Go to the line that contains "BD Nijmegen. |" in the listing below, then output it and every line after it exactly, omitting pictures.

**********

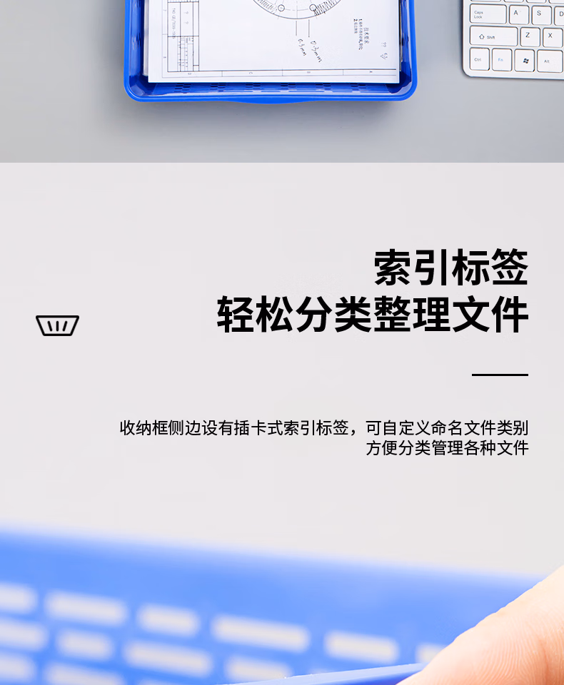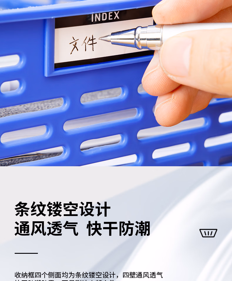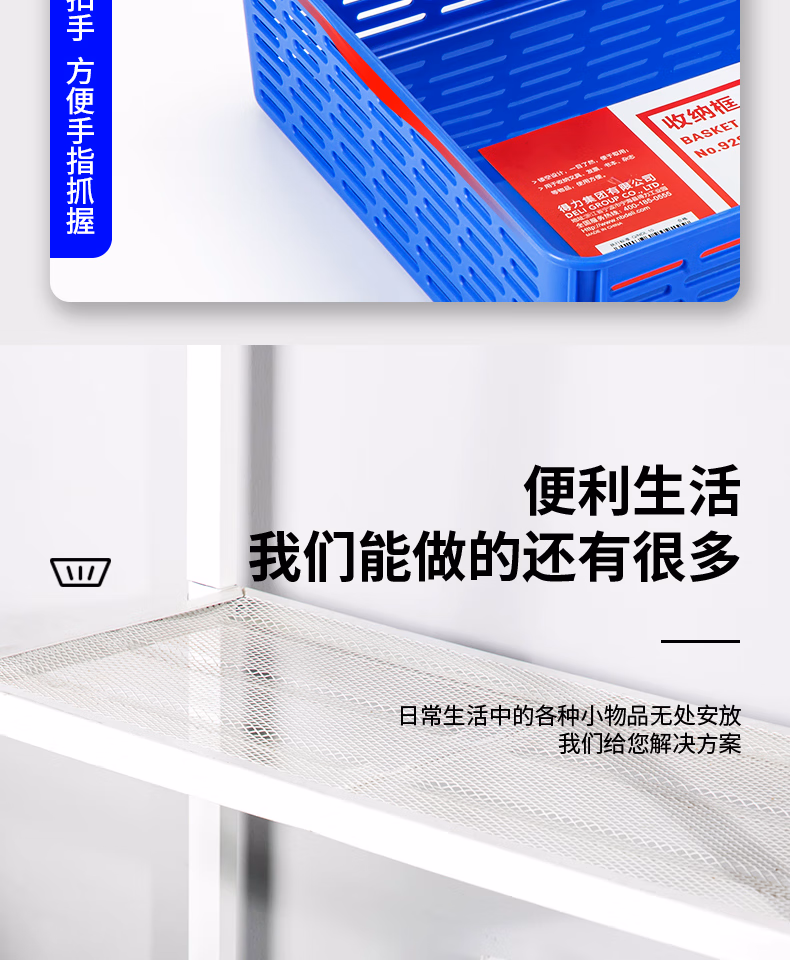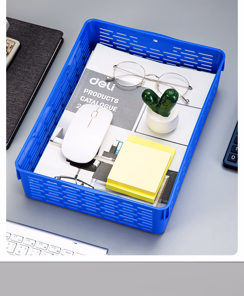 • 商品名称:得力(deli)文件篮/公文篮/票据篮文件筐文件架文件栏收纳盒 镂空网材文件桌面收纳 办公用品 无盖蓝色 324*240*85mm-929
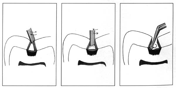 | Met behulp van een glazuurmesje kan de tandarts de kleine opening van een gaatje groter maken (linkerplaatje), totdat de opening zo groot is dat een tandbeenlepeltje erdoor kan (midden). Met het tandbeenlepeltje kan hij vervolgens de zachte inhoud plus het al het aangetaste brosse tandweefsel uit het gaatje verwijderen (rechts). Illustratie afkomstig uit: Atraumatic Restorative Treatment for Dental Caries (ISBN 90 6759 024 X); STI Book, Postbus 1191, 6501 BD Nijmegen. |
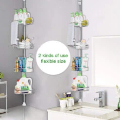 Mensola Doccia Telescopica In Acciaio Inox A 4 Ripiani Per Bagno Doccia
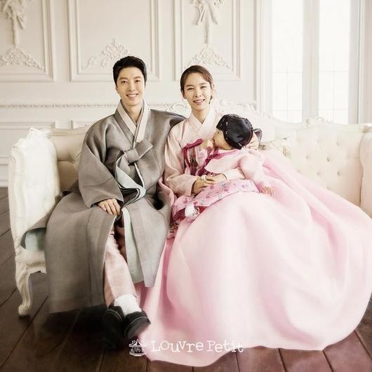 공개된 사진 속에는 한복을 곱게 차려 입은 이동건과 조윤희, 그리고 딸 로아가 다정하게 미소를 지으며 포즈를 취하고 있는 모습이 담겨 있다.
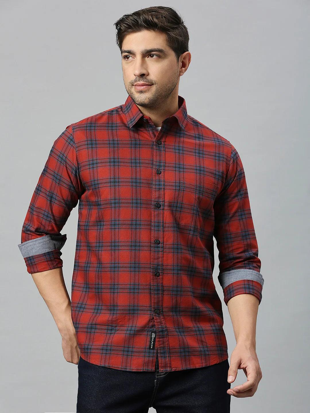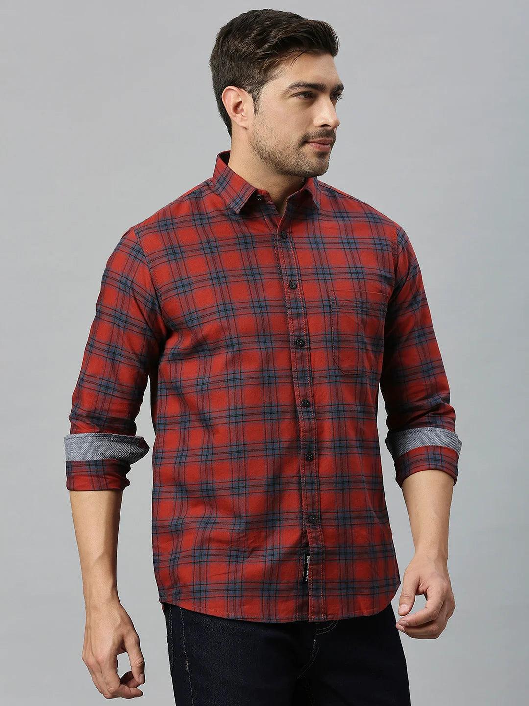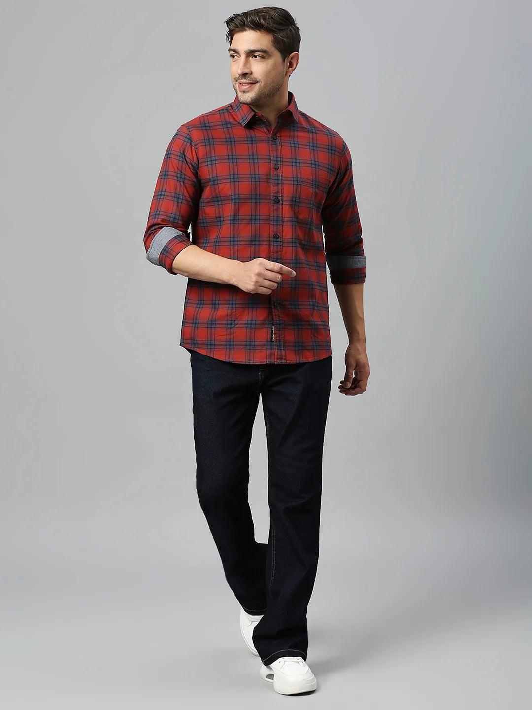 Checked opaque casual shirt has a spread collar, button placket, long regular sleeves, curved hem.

**********

■ **Finished task**:
 | Met behulp van een glazuurmesje kan de tandarts de kleine opening van een gaatje groter maken (linkerplaatje), totdat de opening zo groot is dat een tandbeenlepeltje erdoor kan (midden). Met het tandbeenlepeltje kan hij vervolgens de zachte inhoud plus het al het aangetaste brosse tandweefsel uit het gaatje verwijderen (rechts). Illustratie afkomstig uit: Atraumatic Restorative Treatment for Dental Caries (ISBN 90 6759 024 X); STI Book, Postbus 1191, 6501 BD Nijmegen. |
 Mensola Doccia Telescopica In Acciaio Inox A 4 Ripiani Per Bagno Doccia
 공개된 사진 속에는 한복을 곱게 차려 입은 이동건과 조윤희, 그리고 딸 로아가 다정하게 미소를 지으며 포즈를 취하고 있는 모습이 담겨 있다.
 Checked opaque casual shirt has a spread collar, button placket, long regular sleeves, curved hem.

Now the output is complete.